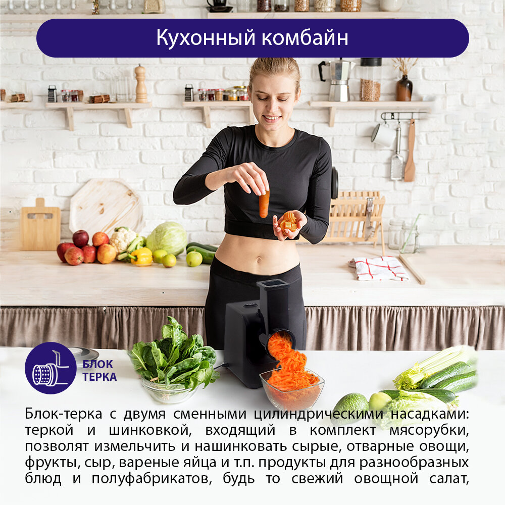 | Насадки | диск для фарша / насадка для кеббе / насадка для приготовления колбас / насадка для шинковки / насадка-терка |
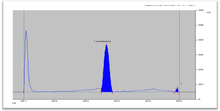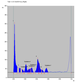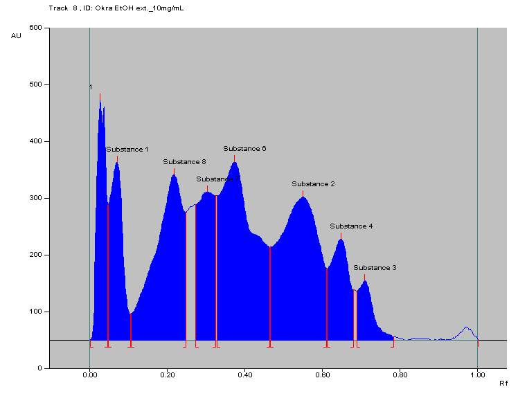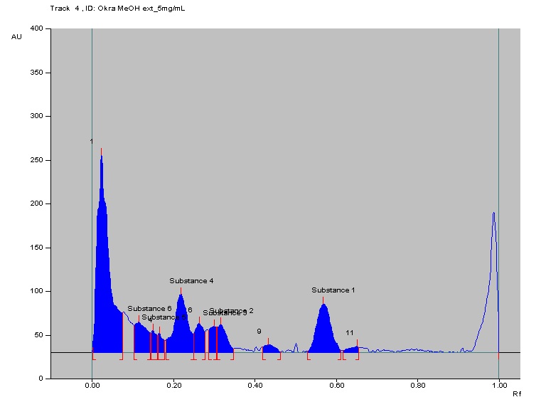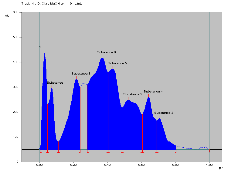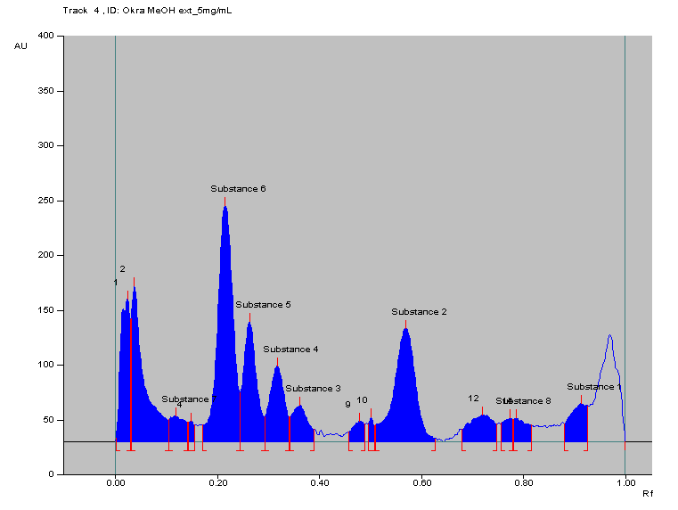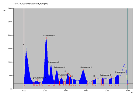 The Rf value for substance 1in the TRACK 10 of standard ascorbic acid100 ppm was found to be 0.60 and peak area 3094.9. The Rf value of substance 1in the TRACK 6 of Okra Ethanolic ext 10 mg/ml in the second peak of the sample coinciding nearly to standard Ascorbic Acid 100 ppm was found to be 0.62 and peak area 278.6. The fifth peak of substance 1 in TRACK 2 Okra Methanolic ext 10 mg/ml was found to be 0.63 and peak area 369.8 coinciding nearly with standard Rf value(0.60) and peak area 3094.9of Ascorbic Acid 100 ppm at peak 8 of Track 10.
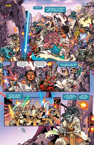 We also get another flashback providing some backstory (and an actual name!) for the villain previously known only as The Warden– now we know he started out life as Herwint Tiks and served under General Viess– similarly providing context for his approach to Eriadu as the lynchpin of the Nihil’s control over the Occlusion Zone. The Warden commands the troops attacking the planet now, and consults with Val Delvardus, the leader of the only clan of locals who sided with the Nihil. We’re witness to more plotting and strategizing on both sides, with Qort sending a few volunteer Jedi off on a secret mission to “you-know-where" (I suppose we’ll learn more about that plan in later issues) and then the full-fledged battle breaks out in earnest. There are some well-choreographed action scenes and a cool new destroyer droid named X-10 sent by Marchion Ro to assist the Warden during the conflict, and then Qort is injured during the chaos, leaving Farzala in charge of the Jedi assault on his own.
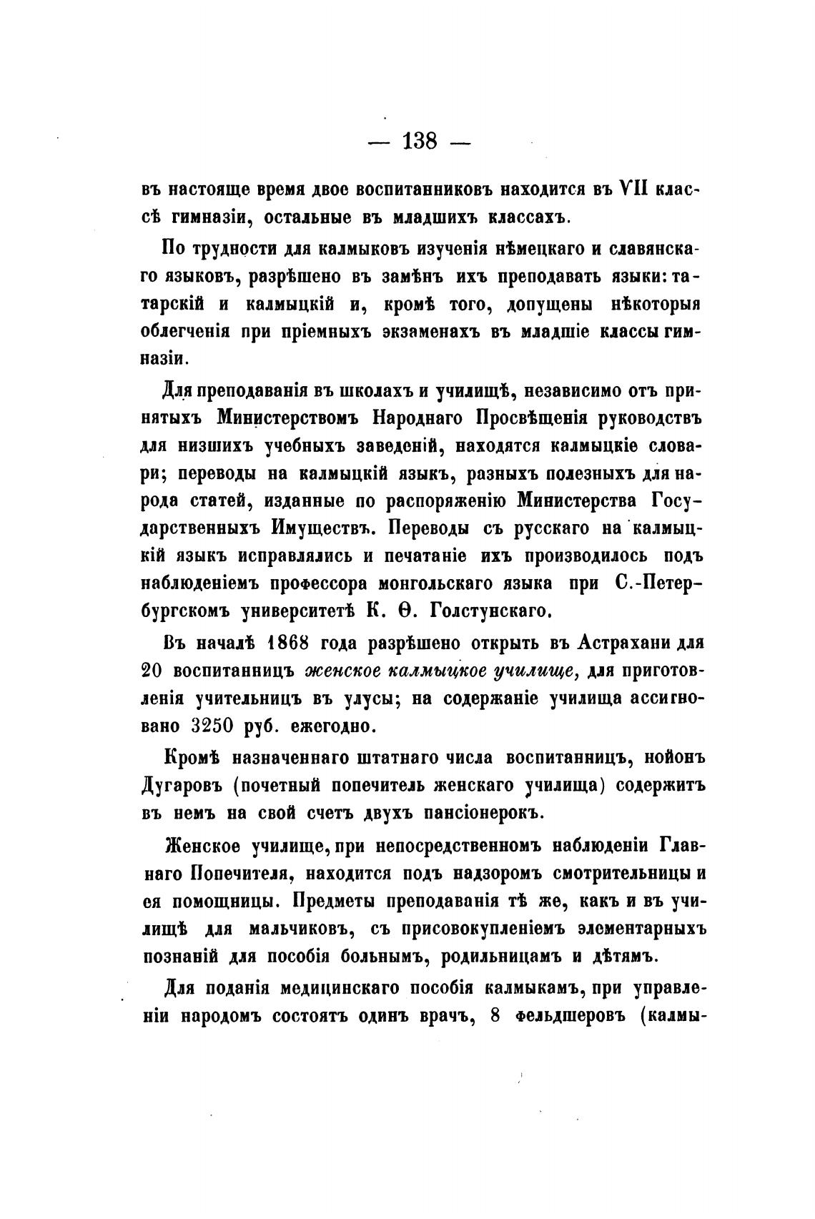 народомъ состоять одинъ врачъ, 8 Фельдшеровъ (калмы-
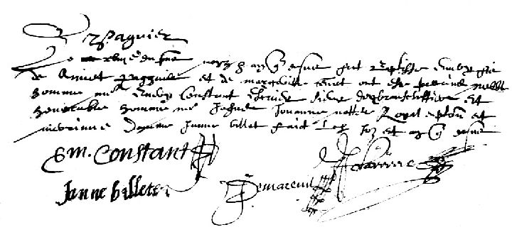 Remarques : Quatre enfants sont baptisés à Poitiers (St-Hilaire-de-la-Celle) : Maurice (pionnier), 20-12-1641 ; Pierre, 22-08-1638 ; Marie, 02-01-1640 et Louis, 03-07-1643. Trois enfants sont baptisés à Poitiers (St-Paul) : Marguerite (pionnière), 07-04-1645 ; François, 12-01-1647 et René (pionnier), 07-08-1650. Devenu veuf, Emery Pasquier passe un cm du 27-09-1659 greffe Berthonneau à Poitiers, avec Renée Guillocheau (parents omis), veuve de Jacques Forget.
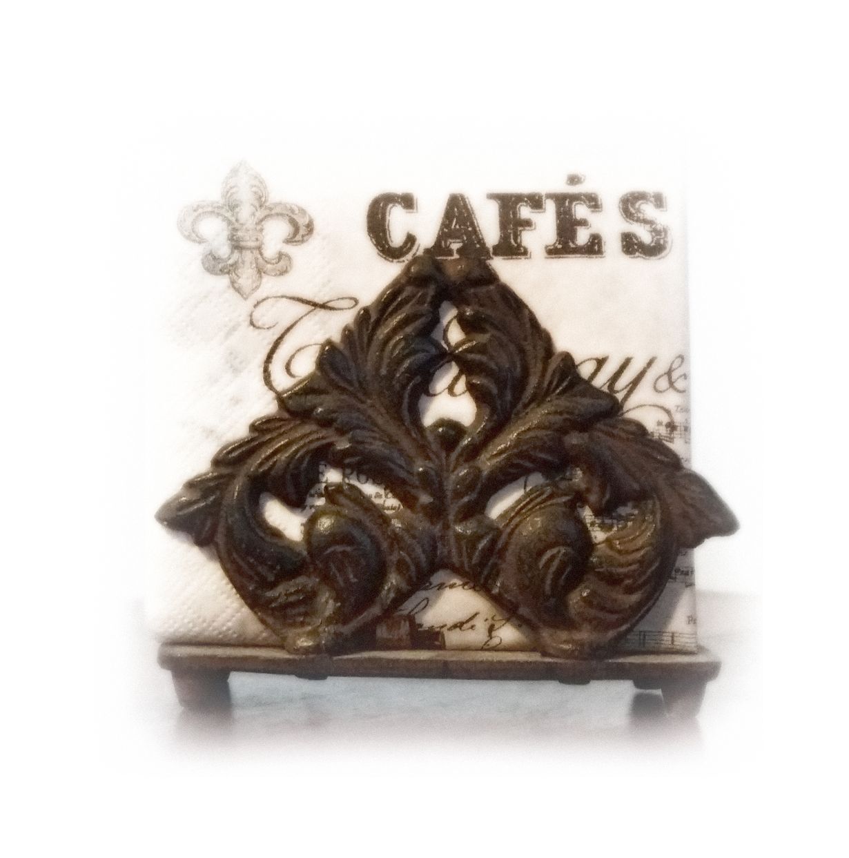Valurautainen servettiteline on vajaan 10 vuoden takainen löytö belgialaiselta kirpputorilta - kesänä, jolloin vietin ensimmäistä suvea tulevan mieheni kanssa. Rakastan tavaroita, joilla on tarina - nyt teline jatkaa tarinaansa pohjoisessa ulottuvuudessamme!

> Exercise
What you return must match the lines from the top of the data through the line with "Remarques : Quatre" exactly, with the pictures removed.

> Solution to the problem
 | Насадки | диск для фарша / насадка для кеббе / насадка для приготовления колбас / насадка для шинковки / насадка-терка |
 The Rf value for substance 1in the TRACK 10 of standard ascorbic acid100 ppm was found to be 0.60 and peak area 3094.9. The Rf value of substance 1in the TRACK 6 of Okra Ethanolic ext 10 mg/ml in the second peak of the sample coinciding nearly to standard Ascorbic Acid 100 ppm was found to be 0.62 and peak area 278.6. The fifth peak of substance 1 in TRACK 2 Okra Methanolic ext 10 mg/ml was found to be 0.63 and peak area 369.8 coinciding nearly with standard Rf value(0.60) and peak area 3094.9of Ascorbic Acid 100 ppm at peak 8 of Track 10.
 We also get another flashback providing some backstory (and an actual name!) for the villain previously known only as The Warden– now we know he started out life as Herwint Tiks and served under General Viess– similarly providing context for his approach to Eriadu as the lynchpin of the Nihil’s control over the Occlusion Zone. The Warden commands the troops attacking the planet now, and consults with Val Delvardus, the leader of the only clan of locals who sided with the Nihil. We’re witness to more plotting and strategizing on both sides, with Qort sending a few volunteer Jedi off on a secret mission to “you-know-where" (I suppose we’ll learn more about that plan in later issues) and then the full-fledged battle breaks out in earnest. There are some well-choreographed action scenes and a cool new destroyer droid named X-10 sent by Marchion Ro to assist the Warden during the conflict, and then Qort is injured during the chaos, leaving Farzala in charge of the Jedi assault on his own.
 народомъ состоять одинъ врачъ, 8 Фельдшеровъ (калмы-
 Remarques : Quatre enfants sont baptisés à Poitiers (St-Hilaire-de-la-Celle) : Maurice (pionnier), 20-12-1641 ; Pierre, 22-08-1638 ; Marie, 02-01-1640 et Louis, 03-07-1643. Trois enfants sont baptisés à Poitiers (St-Paul) : Marguerite (pionnière), 07-04-1645 ; François, 12-01-1647 et René (pionnier), 07-08-1650. Devenu veuf, Emery Pasquier passe un cm du 27-09-1659 greffe Berthonneau à Poitiers, avec Renée Guillocheau (parents omis), veuve de Jacques Forget.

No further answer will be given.